The control unit 11 has, as functional modules, an OS execution unit 11A, a communication environment detection unit 11B, and a software acquisition unit 11C. Each functional module may be realized by executing a program stored in the storage unit 12 by a processor or the like.

The functional modules of the control unit 11 will be described.
The OS execution unit 11A executes an operating system. In this embodiment, the control unit 11 executes a predetermined operating system (OS) and executes application software on the OS, thereby providing various functions.
In this specification, the system software including the operating system executed by the control unit 11 is referred to as firmware.

The firmware required to start up the DCM 10 is configured so as to be obtainable from an external device.
The communication environment detection unit 11B and the software acquisition unit 11C execute a process of acquiring firmware from an external device when the device itself is started. Specifically, based on the communication environment detected by the communication environment detection unit 11B, the software acquisition unit 11C acquires firmware from an appropriate device.

The communication environment detection unit 11B detects the communication environment in which the DCM 10 is located. Specifically, the communication environment detection unit 11B measures the electric field strength of the radio waves used in the mobile communication network and the electric field strength of the radio waves used in the local network. The measurement results are transmitted to the software acquisition unit 11C.
The software acquisition unit 11C determines the device from which to acquire the software based on the measured electric field strength, and acquires the software. A specific method will be described later.

In the following explanation, the software acquired by DCM10 includes both firmware and application software.

The storage unit 12 stores first-type firmware. The first-type firmware is firmware that provides only the minimum necessary functions as a communication module, out of firmware that can be used by the DCM 10.
The first type firmware is lightweight but provides only the minimum functions required as a communication module (for example, an emergency call function, a security function, etc.).

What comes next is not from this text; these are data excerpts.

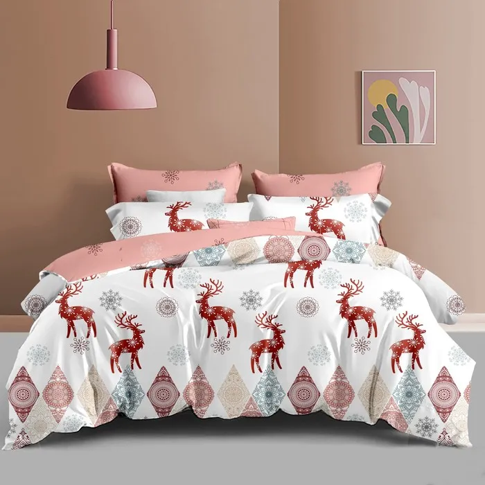 Этот комплект отличается стильным дизайном, сочетающим в себе утонченность розового цвета и праздничную атмосферу Нового года. Его мягкость и гладкая фактура обеспечивают приятный тактильный контакт с кожей, создавая идеальное окружение для спокойного сна и отдыха.
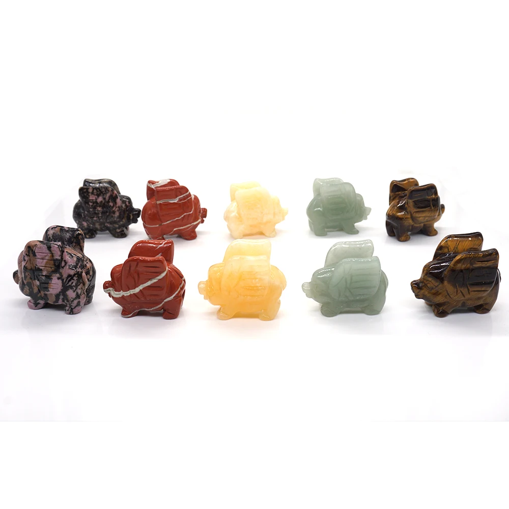 1,5 "летающий свинья статуя Натуральный камень резной фигурка комнаты орнамент Исцеление Рейки с украшением в виде кристаллов нефрит Лаки Fliggy офисные домашний декор
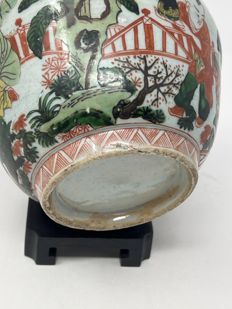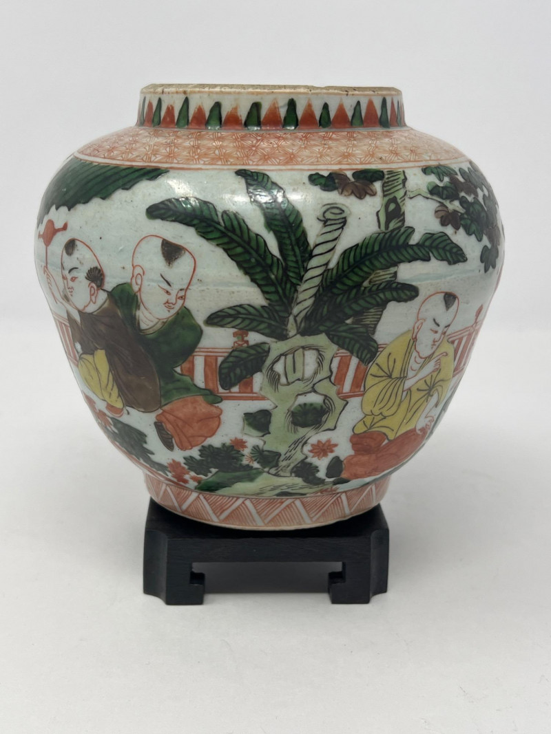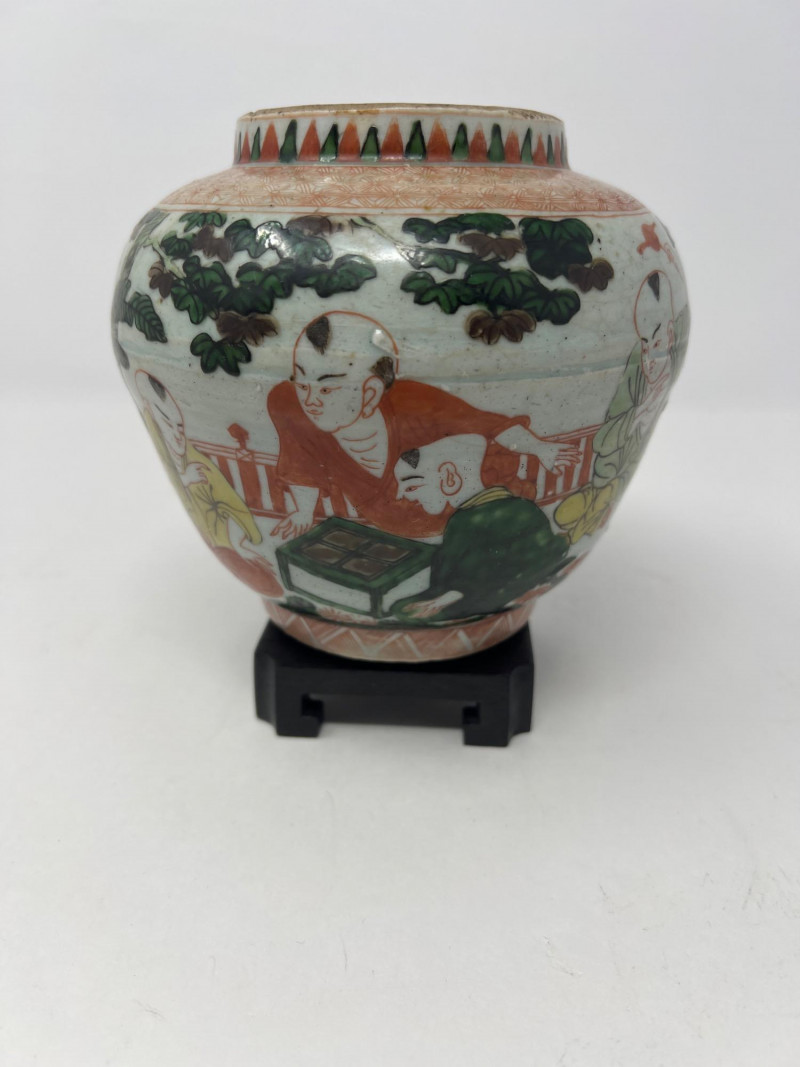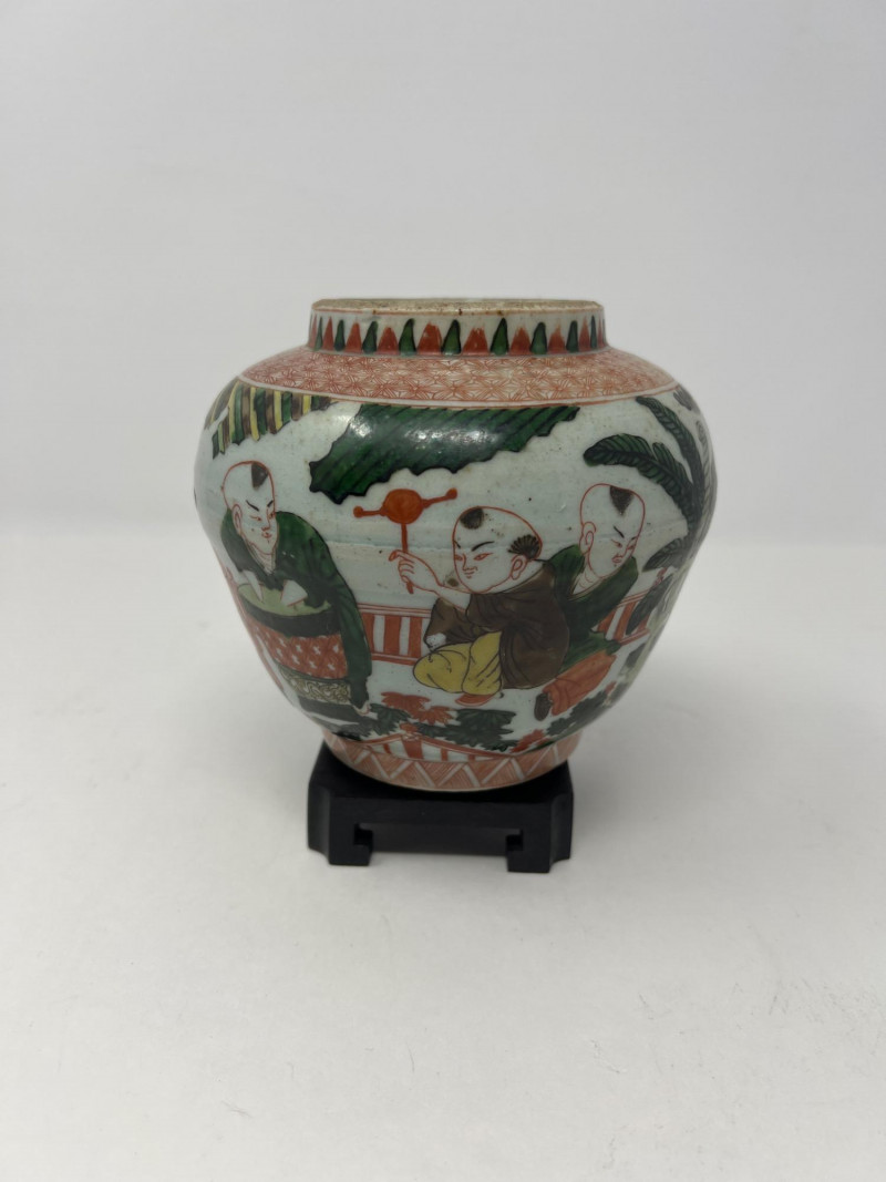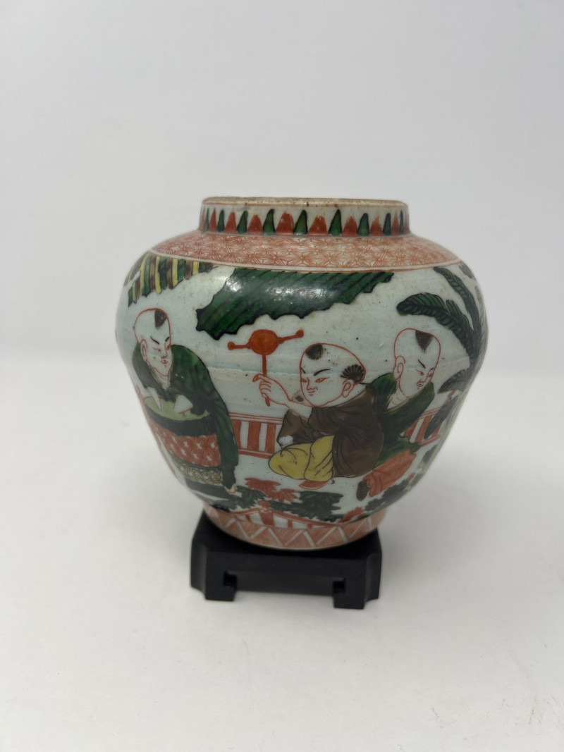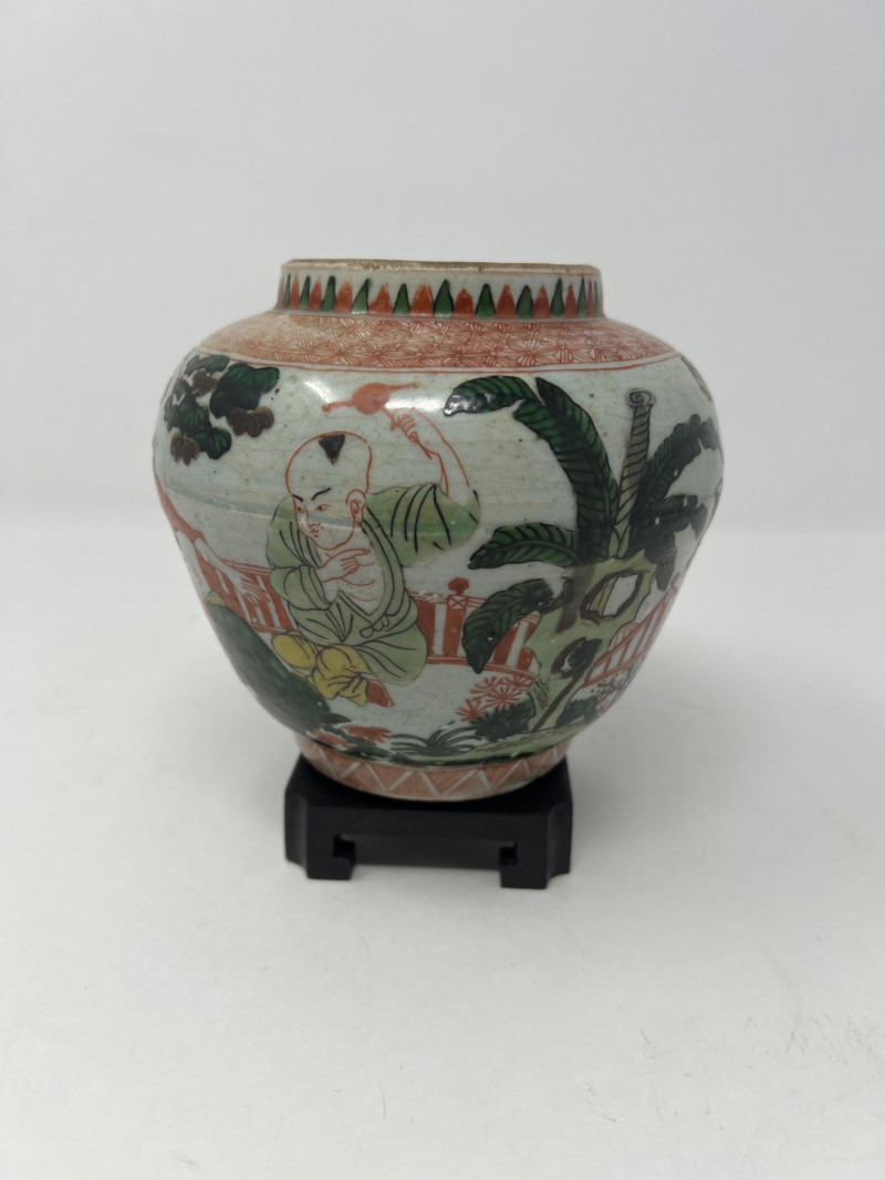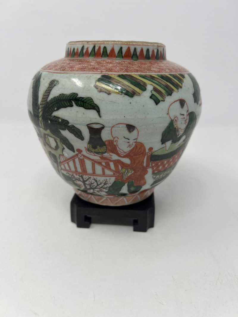 Lot # 47 - Chinese Wucai Pot Jar with Stand
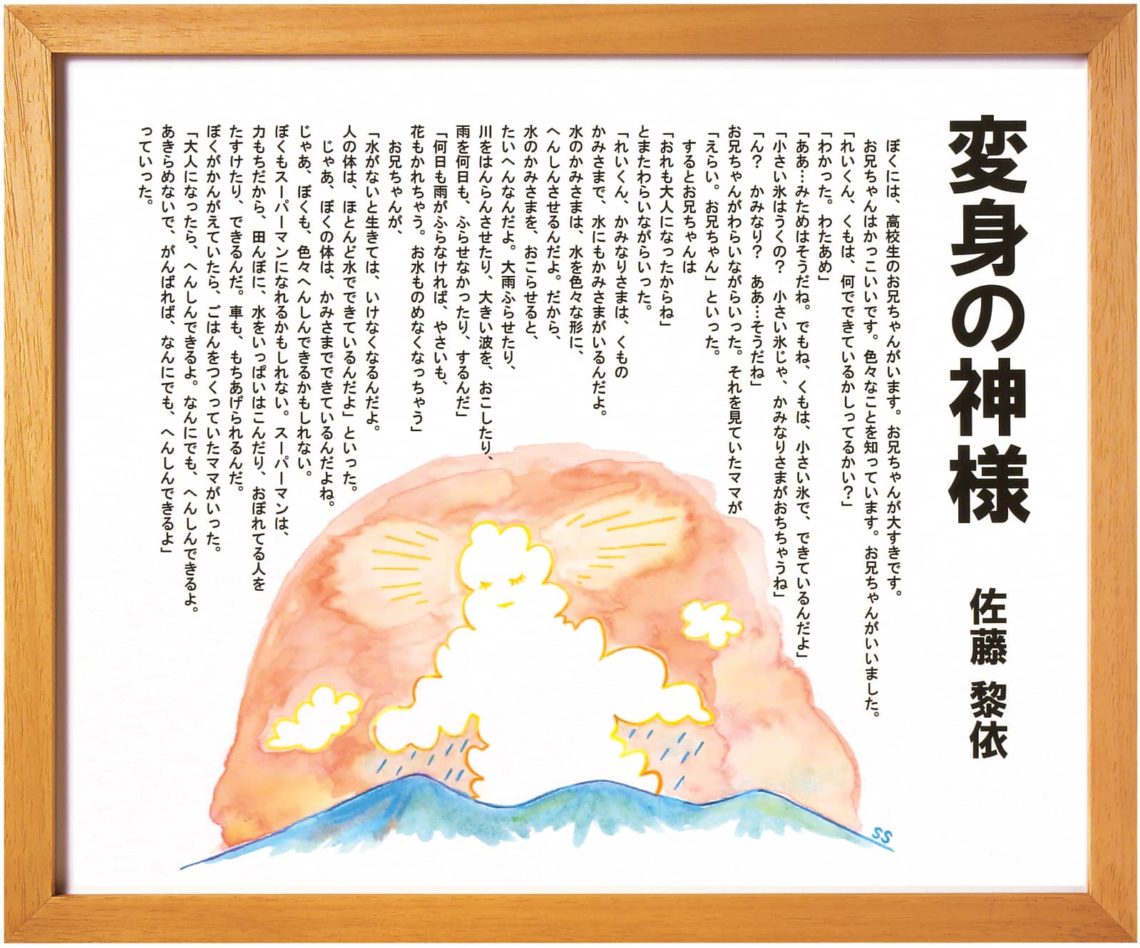 「れいくん、かみなりさまは、くものかみさまで、水にもかみさまがいるんだよ。水のかみさまは、水を色々な形に、へんしんさせるんだよ。だから、水のかみさまを、おこらせると、たいへんなんだよ。大雨ふらせたり、川をはんらんさせたり、大きい波を、おこしたり、雨を何日も、ふらせなかったり、するんだ」
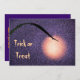 Este convite para festas de Halloween apresenta uma lua rosa e amarela pálida abstrato, brilhante, sobre um fundo com textura roxa leve, com uma fita solteiro de grama curvando na frente. Todo o texto pode ser personalizado para seu evento especial.
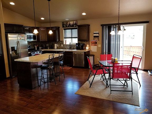 Listed by Kevin Kuehn, South Dakota Real Estate Company. This fabulous, like new 5 bedroom, 3 bath, 2 car garage home located on a lot right next to the community park with playground equipment, picnic shelter and basketball court. This wonderful home has a huge redwood fenced back yard that could handle the biggest of families or pets. With views of the hills and foothills, it falls into that sweet spot of a location. An RV pad with power is located next to the home. The spacious kitchen with a center isle and sit up counter, allows for great cooking space as well as a place for family and friends to gather. The high end floorings and cabinetry in the kitchen and baths make this a dream home come true. Anderson windows, 95% efficient furnace and class 4 impact resistant shingles and natural gas piped to the deck grill are the frosting on the cake. And only minutes away from the new Piedmont Valley Middle School/High School.
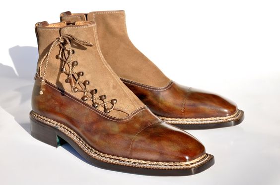 Custom Handmade Men's Brown Side Lace Up Fastening Dress Boot
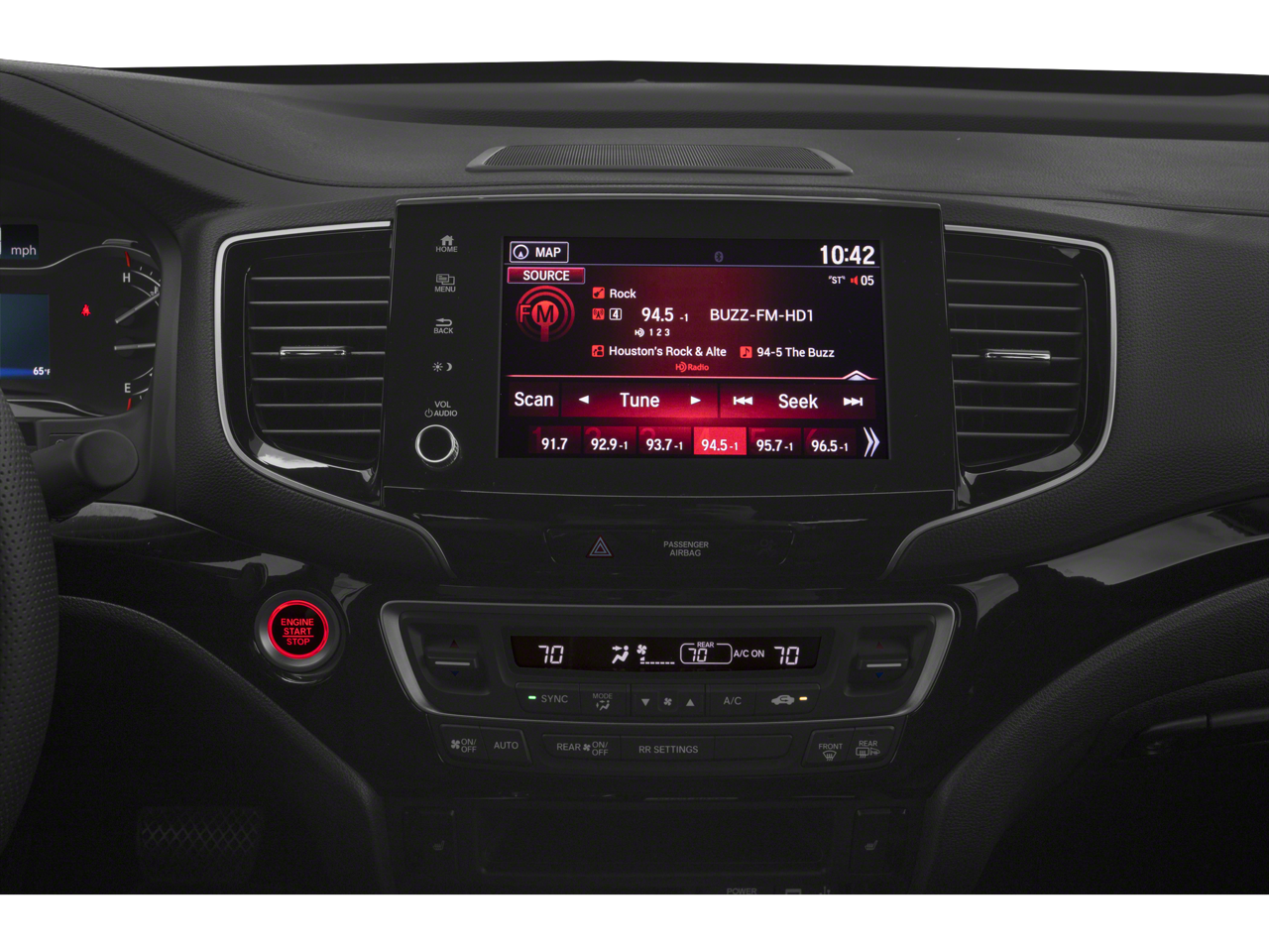 - Radio: 540-Watt Premium Audio System w/8 Speakers -inc: subwoofer, Bluetooth® streaming audio, MP3/auxiliary input jack, Radio Data System (RDS), Speed-Sensitive Volume Compensation (SVC), 8" display audio w/high-resolution electrostatic touch screen and customizable feature settings, Apple CarPlay compatibility, Android Auto compatibility, HondaLink, SMS text message function (Compatible w/select phones w/Bluetooth®, Your wireless carrier's rate plans apply, State or local laws may limit use of texting feature, Only use texting feature when conditions allow you to do so safely.), 1.5-amp USB smartphone/audio interface in front console (1 port), HD Radio, truck-bed audio system and wireless phone charger

Here, the types of software that can be used by the DCM 10 and the method of acquiring the software will be described.
4 is a diagram illustrating the difference between the types of software acquired by the DCM 10 and the functions provided. When only the first type firmware is available, the operating system executed by the control unit 11 provides only the minimum necessary functions. When only the second type firmware is available, the operating system executed by the control unit 11 provides all pre-designed functions. Furthermore, when application software is available, the control unit 11 can execute various software created by vendors in addition to the functions of the operating system.

In this embodiment, the center server 2 provides both the second type firmware and the application software, and the user terminal 3 provides only the second type firmware.

When DCM10 starts up, communication environment detection unit 11B judges whether the communication environment of the device is suitable for downloading software. Then, based on the result of this judgment, it decides from which device to acquire the software, and software acquisition unit 11C acquires the software.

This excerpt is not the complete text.